B. The symptoms indicate angina and should be treated as such:
While angina can present with symptoms such as chest pain, it is typically relieved with rest or nitroglycerin. In contrast, the client in this scenario has midsternal chest pain that is not relieved with rest, which is more indicative of an acute coronary event like a myocardial infarction. Therefore, interpreting the symptoms as angina and treating them as such may not be appropriate given the severity and persistence of the chest pain.

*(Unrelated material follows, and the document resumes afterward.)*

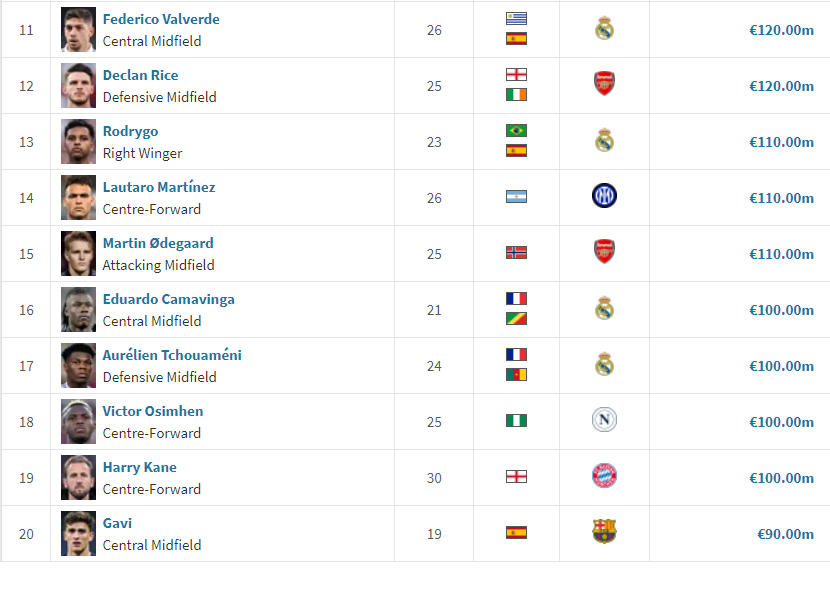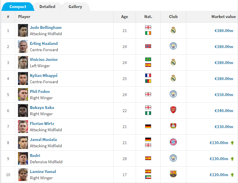 6위는 잉글랜드의 왼발 공격수 부카요 사카, 7위는 독일의 신성이자 천재 미드필더로 불리는 플로리안 비르츠, 8위는 독일(잉글랜드 이중국적)과 바이에른 뮌헨의 신성 자말 무시알라, 9위는 맨체스터 시티와 스페인의 핵심 자원이며 이번 유로 2024에서 스페인을 우승으로 이끈 캡틴 로드리, 10위는 역시 스페인의 신성이자 메시의 계보를 이을 축구 에이스 라민 야말입니다. 10위까지의 선수는 모두 1억 2천만 유로가 넘는 선수 몸값을 자랑합니다.

C. Treatment should be determined pending the results of an exercise stress test:
Waiting for the results of an exercise stress test is not appropriate in this scenario, as the client's presentation suggests an acute cardiac event that requires immediate intervention. Exercise stress tests are typically used for diagnostic purposes to assess cardiovascular function under controlled conditions but are not suitable for managing acute coronary episodes or emergencies.
D. The symptoms indicate a pulmonary etiology rather than a cardiac etiology:
While some symptoms, such as shortness of breath or chest pain, can overlap between cardiac and pulmonary conditions, the client's presentation with sudden midsternal chest pain unrelieved with rest, pale cool skin, and a history of CAD strongly suggests a cardiac etiology, specifically an acute coronary event. It is essential to prioritize cardiac assessment and intervention based on the client's symptoms and medical history.